▸ Directions
Pictures are to be dropped. Everything else in the listing gets copied exactly.

▸ Data excerpt

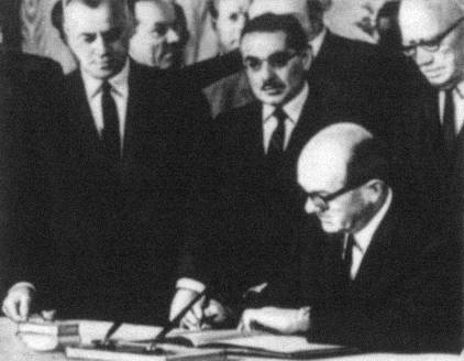 Подписание Договора о запрещении испытаний ядерного оружия в атмосфере, в космосе и под водой министром иностранных дел СССР А. А. Громыко. Москва. Кремль. 5 августа 1963.
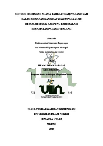Harahap, Firma Liarma (2023) Metode Bimbingan Agama Tarekat Naqsyabandiyah dalam Menanamkan Sifat Zuhud pada Salik di Rumah Suluk Kampung Babussalam Kecamatan Padang Tualang. Skripsi thesis, Universitas Islam Negeri Sumatera Utara.
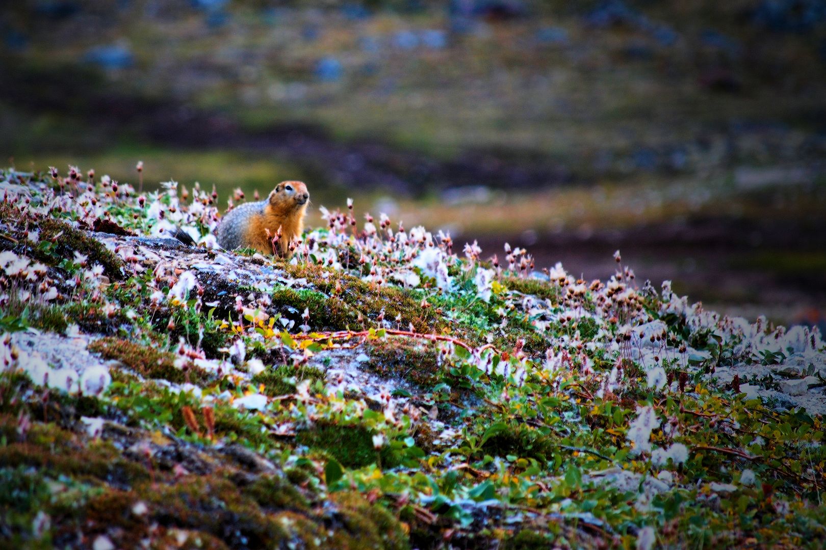 Back tracking I began down another road. Snowgeese littered the landscape, their young of the year unable to yet take flight, the little goslings do plenty of stumbling about when feeling the worry to flee a scary ATV. Other creatures just chose to watch me go on by…

▸ The completed task
 Подписание Договора о запрещении испытаний ядерного оружия в атмосфере, в космосе и под водой министром иностранных дел СССР А. А. Громыко. Москва. Кремль. 5 августа 1963.
Harahap, Firma Liarma (2023) Metode Bimbingan Agama Tarekat Naqsyabandiyah dalam Menanamkan Sifat Zuhud pada Salik di Rumah Suluk Kampung Babussalam Kecamatan Padang Tualang. Skripsi thesis, Universitas Islam Negeri Sumatera Utara.
 Back tracking I began down another road. Snowgeese littered the landscape, their young of the year unable to yet take flight, the little goslings do plenty of stumbling about when feeling the worry to flee a scary ATV. Other creatures just chose to watch me go on by…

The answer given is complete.